I found out later that she was ill.

During church I had a series of mishaps. Very small ones but still disconcerting. Little mistimings on my part which usually I can pull off pretty gracefully. But not yesterday.

I had scheduled a devilishly difficult (for me) prelude. Often my hardest pieces don’t sound hard. This was one of those. It was based on the tune the anthem was based on and was by another English pastoral composer (like Bairstow) named Henry Ley. I probably shouldn’t have scheduled it. I had a perfectly good piece by another anglican Alec Wyton based on the same tune. I just thought it would be cool to have two English pastoral pieces in the same service.

So I was practicing this one right up until the last minute. As often happens the sections I worked on went pretty well, but I managed to blow other sections. Ahem.

Then during the anthem, I missed pushing a general stop and had to increase the organ sound with the crescendo pedal. This usually works but the anthem winds down at the end and Bairstow ends with the same quiet flute solo he began. As I pushed down the crescendo pedal I thought with horror, “Omigod, now how am I going to transition back to the correct sounds?” I managed to do this. But of course it wasn’t as graceful as what I had planned.
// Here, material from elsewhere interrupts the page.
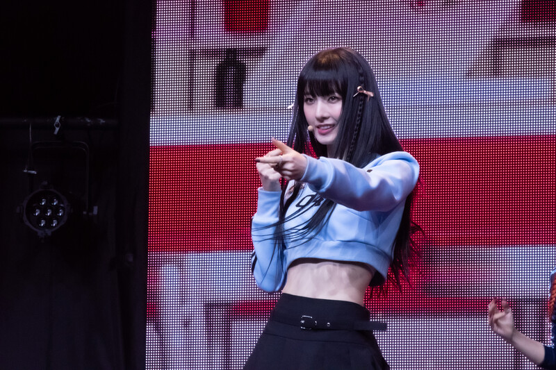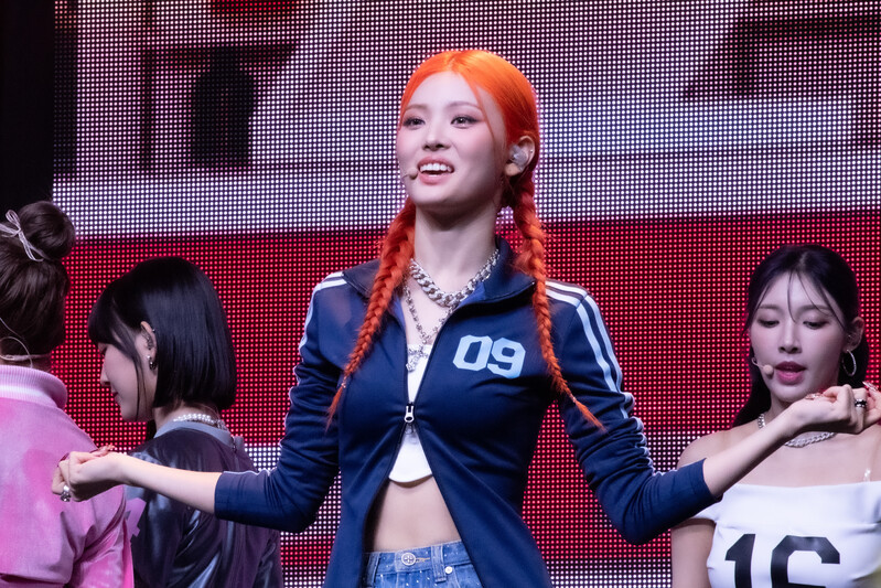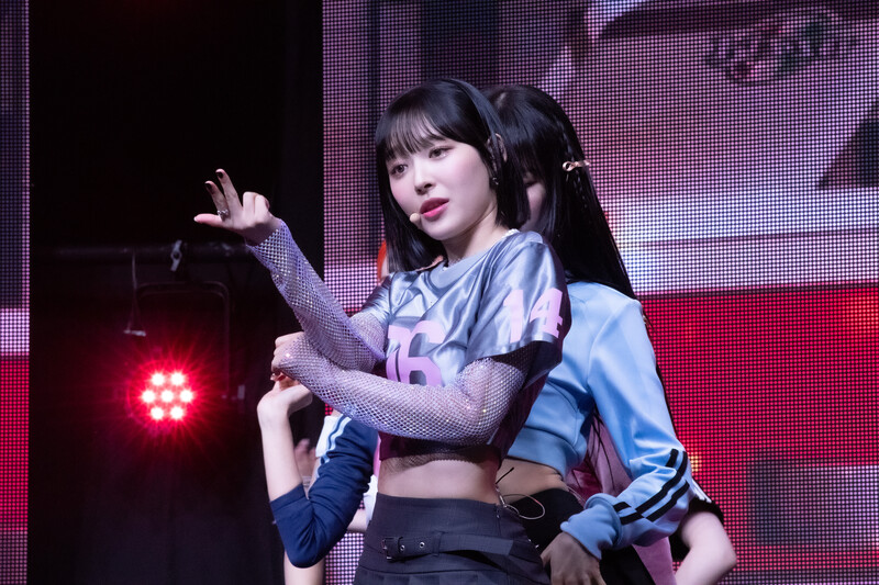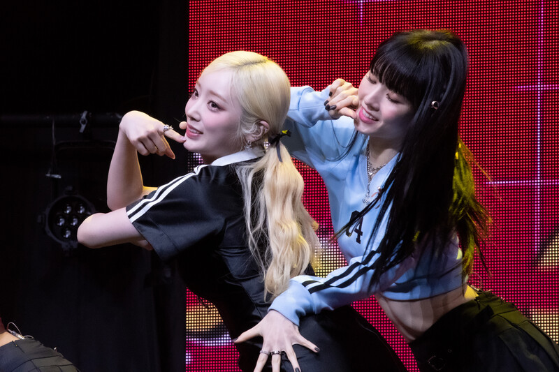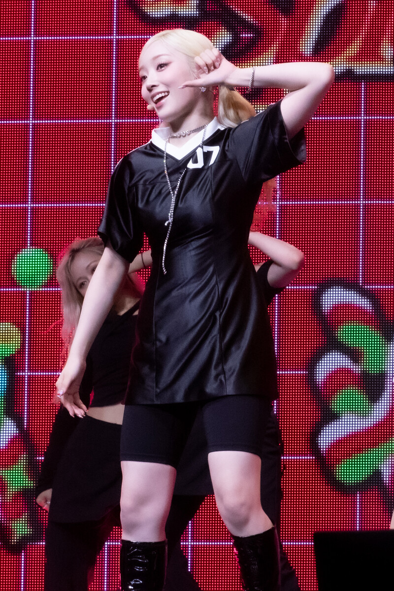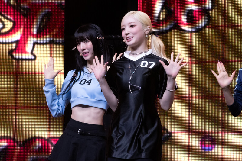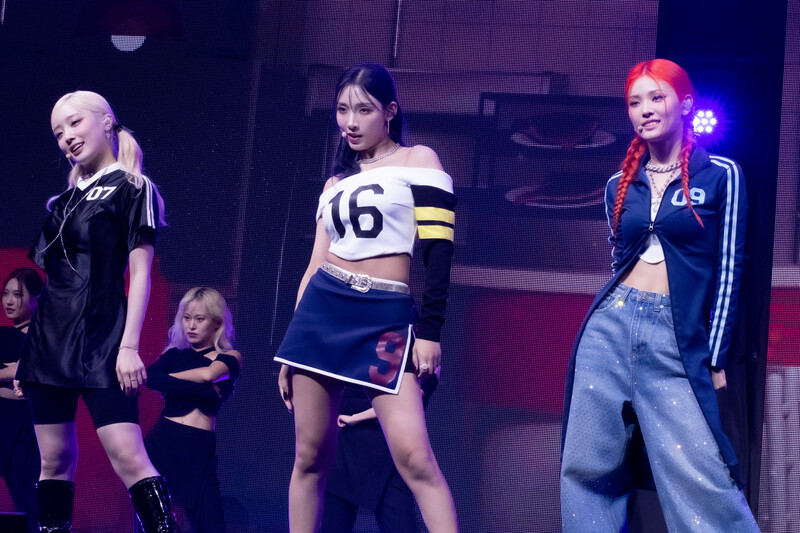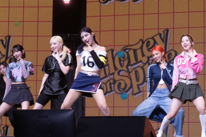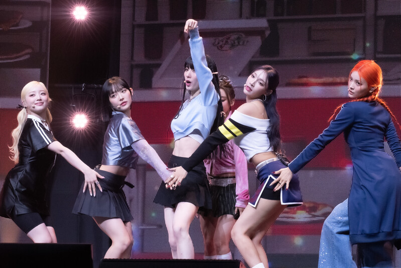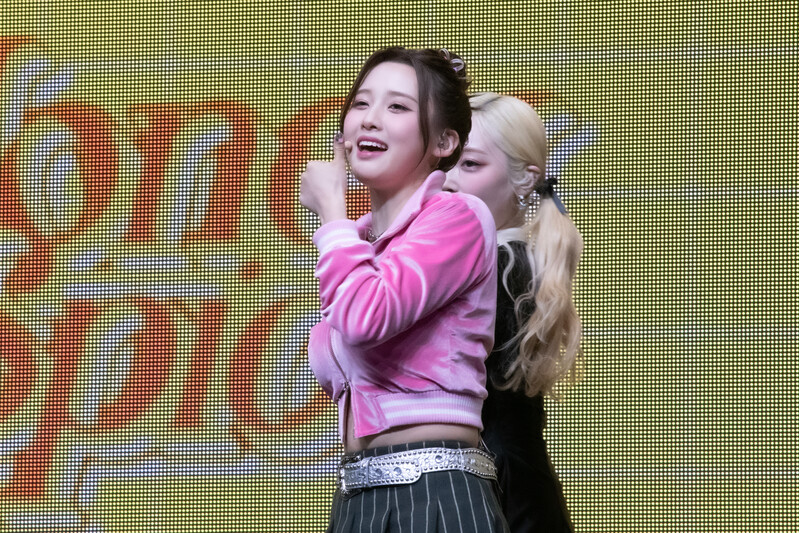 These photo taken during the media showcase of K-pop girl group Lightsum's second mini album "Honey or Spice" show members performing their title track "Honey or Spice."
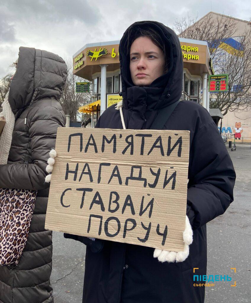 «Я б дуже хотіла звернутися до всіх захисників: адже Міжнародний комітет Червоного Хреста не відвідує колонії, не встановлює наших людей, вони, які вибралися звідти, мають можливість говорити – будь ласка, говоріть, розповідайте, відвідуйте акції, дивіться портрети наших хлопців, щоб якомога більше з них повернулися додому. Щоб матері, дружини, сестри, батьки, отримали звісточку хоч маленьку. Це дасть нам таку надію, такий ресурс для боротьби, подальшого розголосу», – звернулася організаторка акцій Вікторія.

I take pride in my ability to play organ and conduct at the same time. It’s something I was taught to do by my teacher Ray Ferguson (and he was taught to do by his teacher Helmut Walcha).


The problem I have with my present crew of singers is they don’t always watch me. So I have my hands full just trying to conduct them. When I am conducting from the console I am further away and have less of a range of possible gestures.

Everything came off okay. It usually does. But I like to work a bit beyond doing okay and actually have some musical moments.

The postlude was by William Walond. I mention it here because once again the bulletin was fucked up and my postlude (inadvertently?) omitted.

Ah well.

Today I have nothing scheduled. I think I need a bit of time off.